Role of 4-hydroxylated estradiol in reducing Ca2+ uptake of uterine arterial smooth muscle cells through potential-sensitive channels

Abstract

Entry of ionic Ca2+ into the vascular smooth muscle cell for contraction is thought to be mediated by two major membrane channels. The first are designated as potential-sensitive channels (PSCs), which are opened by membrane depolarization, and the second, as receptor-operated channels (ROCs), which are activated by alpha 1-receptor-ligand interactions. This study was designed to determine the presence of these 2 distinct populations of Ca2+ entry channels in smooth muscle cells of the uterine arteries in pigs. This was studied by measuring the baseline tone and contractile properties of uterine arteries in in vitro perfusion studies, as well as their specific Ca2+ uptakes. These parameters showed markedly different sensitivities towards two smooth muscle inhibitors used in this study: D-600 and amrinone. D-600 specifically inhibits uptake of extracellular Ca2+ through PSCs, while amrinone specifically inhibits Ca2+ uptake through ROCs. By choosing an appropriate concentration of D-600 or amrinone, Ca2+ uptake and contractions of uterine arterial segments induced by high-K+ (PSC activator) and phenylephrine (ROC activator) could be selectively inhibited.
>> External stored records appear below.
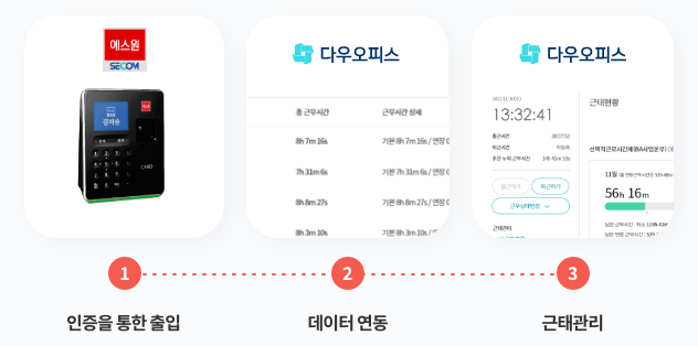 또한, 다우오피스는 에스원(세콤) 출입통제 솔루션과 연동이 가능합니다.
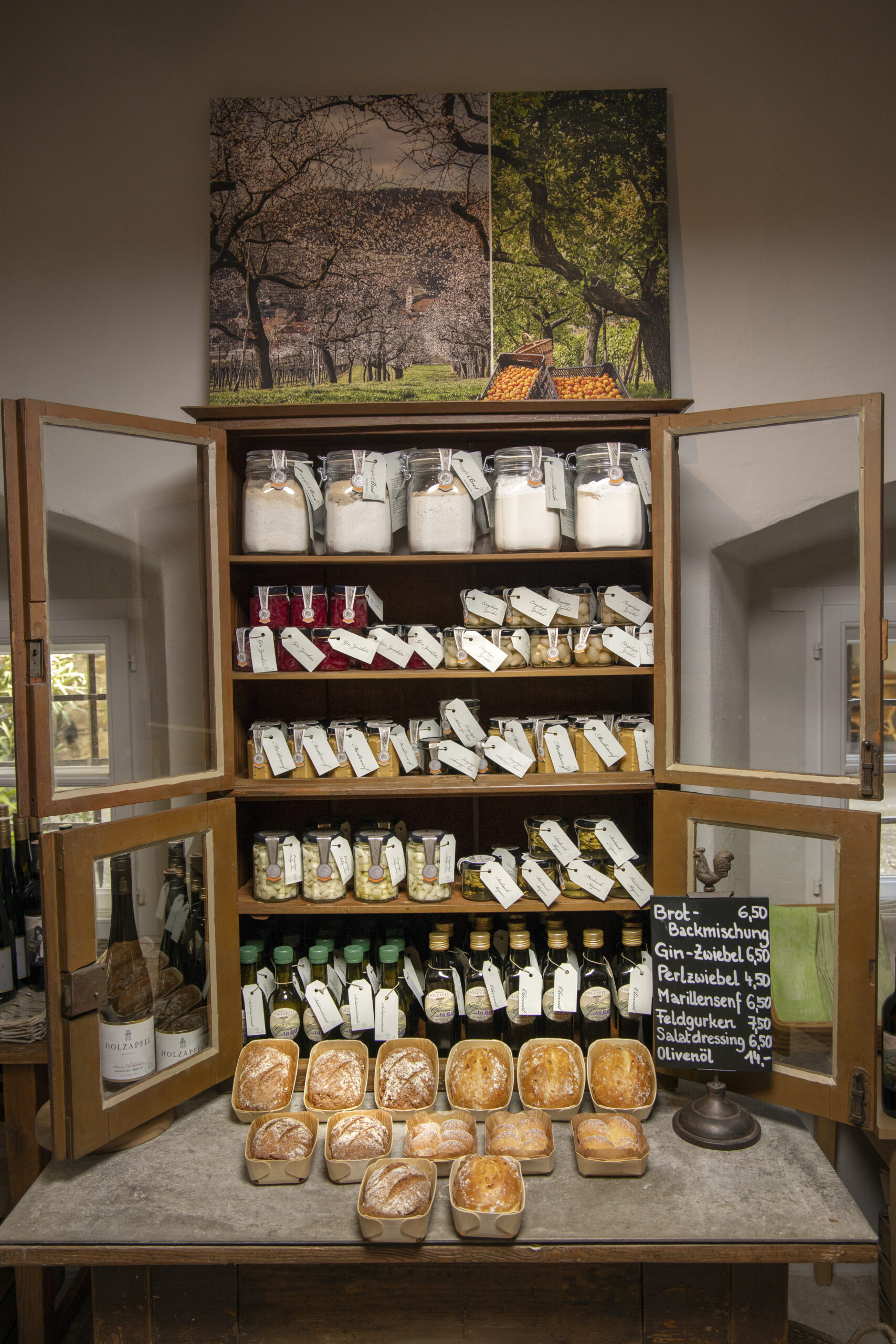 Gustieren Sie in unserem Delikatessen Geschäft und nehmen Sie sich zusätzlich zu unseren Weinen die Holzapfel-Gourmandisen zum Genießen mit nach Hause – auch kleine Snacks – passend zu unseren Weinen erwarten Sie.
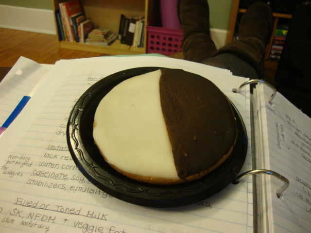 Before we could go to the show I had an afternoon of classes and studying. By the end of tonight I will have at least 100 notecards for tomorrow’s test! While I worked, Adam brought me home a cookie.
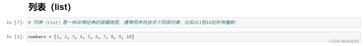 列表(list)是一种非常经典的容器类型,通常用来存放多个同类对象,比如从1到10的所有整数:
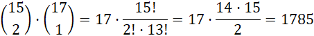 Z pewnej klasy wybierane są jednocześnie 3 osoby w taki sposób, że są wśród nich minimum dwie dziewczyny. Wyznacz ilość możliwych takich delegacji wiedząc, że klasa ta liczy 15 dziewcząt oraz 17 chłopców.
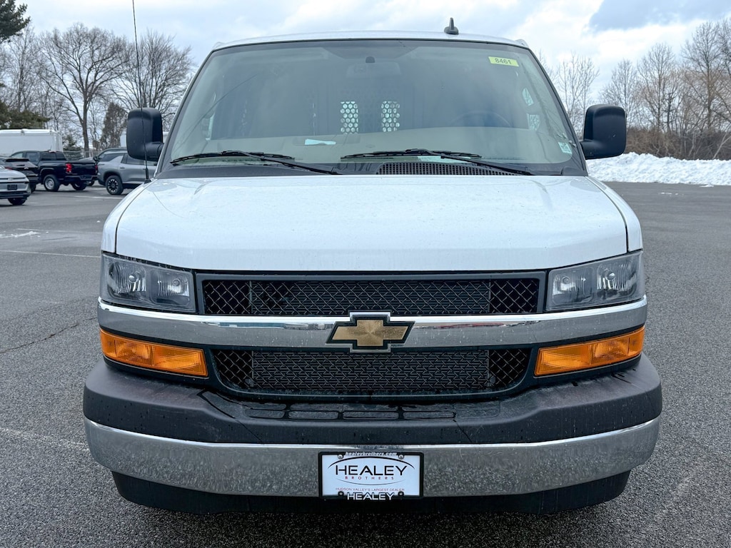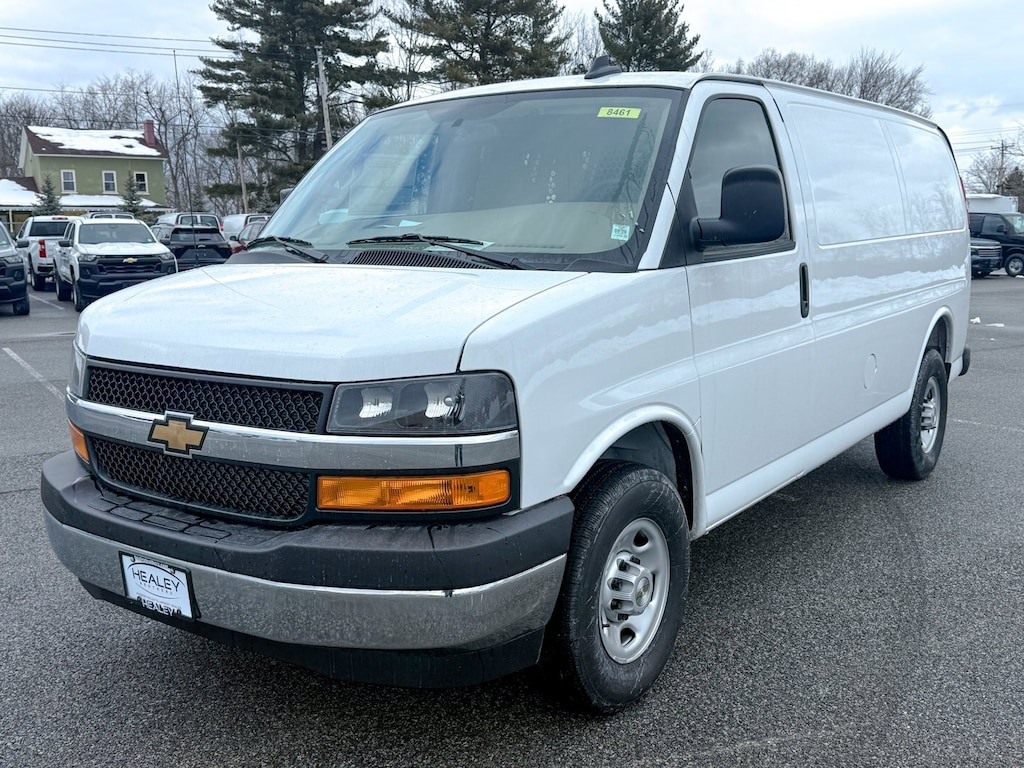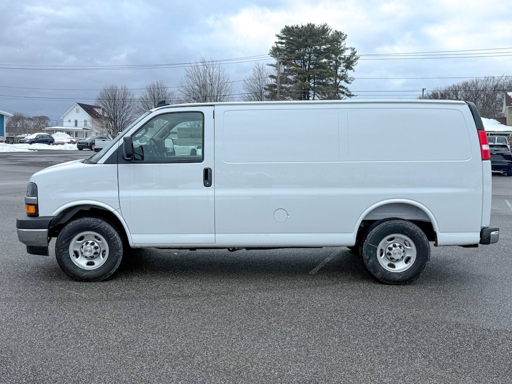 Summit White 2025 Chevrolet Express 2500 Work Van Cargo RWD 8-Speed Automatic with Overdrive 4.3L V6 150 Amp Alternator, 16 x 6.5 Steel Wheels, 2 Speakers, 3.42 Rear Axle Ratio, 4-Wheel Disc Brakes, ABS brakes, Air Conditioning, AM/FM radio, AM/FM Stereo w/MP3 Player, Chrome Appearance Package, Chrome Grille, Cruise Control, Delay-off headlights, Driver & Front Passenger High-Back Bucket Seats, Driver Convenience Package, Driver door bin, Driver's Seat Mounted Armrest, Dual front impact airbags, Dual front side impact airbags, Electronic Stability Control, Engine Cover Console w/Swing-Out Storage Bin, Exterior Parking Camera Rear, Fixed Rear Door Window Glass, Fixed Rear Side Door Window Glass, Front & Rear Chrome Bumpers w/Step-Pad, Front anti-roll bar, Front Bucket Seats, Front Reclining High-Back Bucket Seats, Front wheel independent suspension, Full-Length Black Rubberized-Vinyl Floor Covering, Fully automatic headlights, Heated door mirrors, Heavy-Duty Rear Locking Differential, Heavy-Duty Trailering Equipment, High & Low Dual-Note Horn, Low tire pressure warning, Occupant sensing airbag, Overhead airbag, Passenger cancellable airbag, Passenger door bin, Passenger seat mounted armrest, Power door mirrors, Power steering, Power windows, Preferred Equipment Group 1WT, Rear & Side Cargo Door Glass, Rear Side Door Glass Window Security Bar, Reclining Front Bucket Seats w/Inboard Armrests, Remote Keyless Entry, Single-Zone Manual Air Conditioning, Tachometer, Theft Alarm Notification, Tilt Steering Wheel, Traction control, Trip computer, Variably intermittent wipers, Vinyl Seat Trim, Voltmeter.
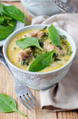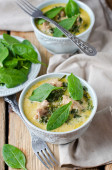 Zdjęcie "Mięso duszone ze szpinakiem i krem" może być wykorzystywane do celów osobistych i komercyjnych zgodnie z warunkami zakupionej licencji Royalty-free. Obraz jest dostępny do pobrania w jakości wysokiej rozdzielczości do 5760x3840.
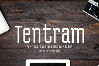 Шрифт Tentram. Гарнитура содержит 2 файла и поддерживает 60 языков. Можно использовать в не коммерческой деятельности. Разработка Tentram велась 7NTypes.

Furthermore, it was demonstrated that the blockade of Ca2+ uptake by D-600 and amrinone was additive, excluding the interpretation of a common Ca2+ pathway with two separate mechanisms for opening it. It was also determined that 4-hydroxylated estradiol (4OH-E2), a compound known to increase uterine blood flow in pigs, decreased Ca2+ uptake through the PSCs and exhibited no effect on ROCs. The presence of separate Ca2+ pathways that can be activated independently by agonists may indicate a refined system for controlling uterine blood flow.